■ Aim of the task ■
All lines from the one containing "<p>Three golden yellow" through the last line of the listing should be given again exactly, with no pictures.

■ Data segment ■
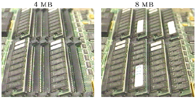 According to the Hardware FAQ, this machine can accomodate 16, 1MB SIMMS, but, it's really 4 banks or 4MB each. Thus, if the first 2 banks allow the use of 4MB SIMMS, then you have 2 banks of 16 PLUS 2 banks of 4 == 32 plus 8 = 40MB.It's difficult to see in the images I took from above, but every other SIMM slot is hidden by a SIMM right now. Look at this image comparing a 4MB install of RAM with an 8MB install of RAM.
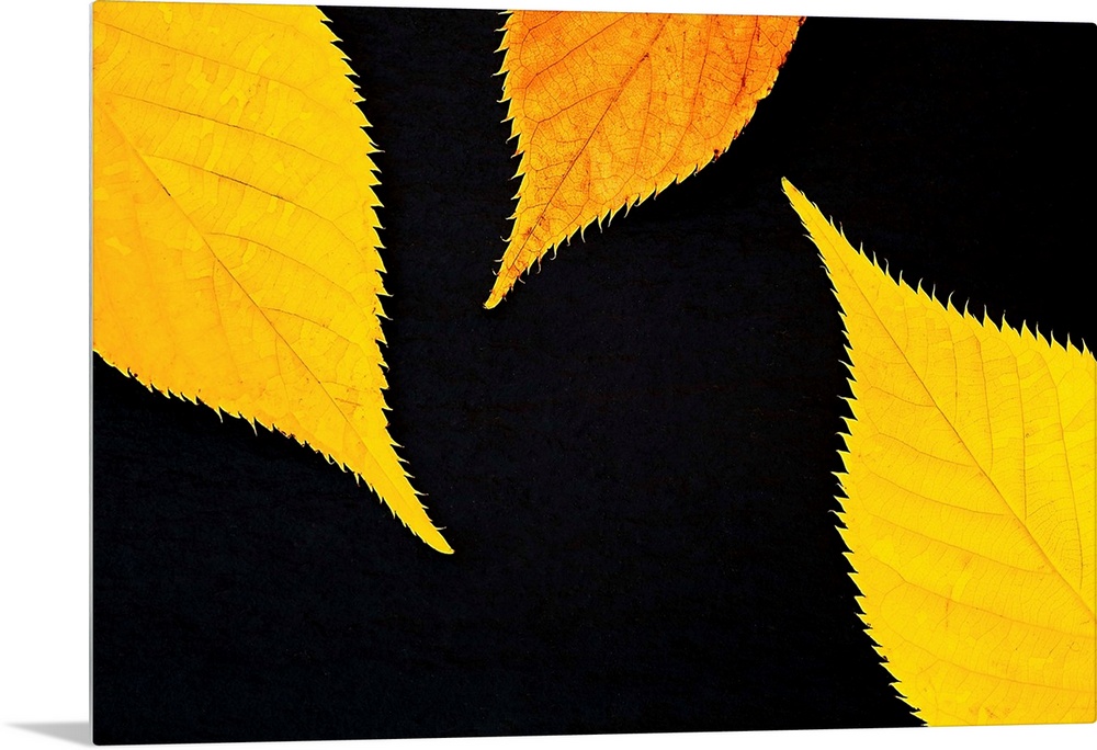 <p>Three golden yellow leaves close-up on a black background.</p>
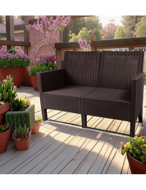 Диван двухместный садовый под ротанг СадКо (темно-коричневый)

■ Reply to the task ■
 <p>Three golden yellow leaves close-up on a black background.</p>
 Диван двухместный садовый под ротанг СадКо (темно-коричневый)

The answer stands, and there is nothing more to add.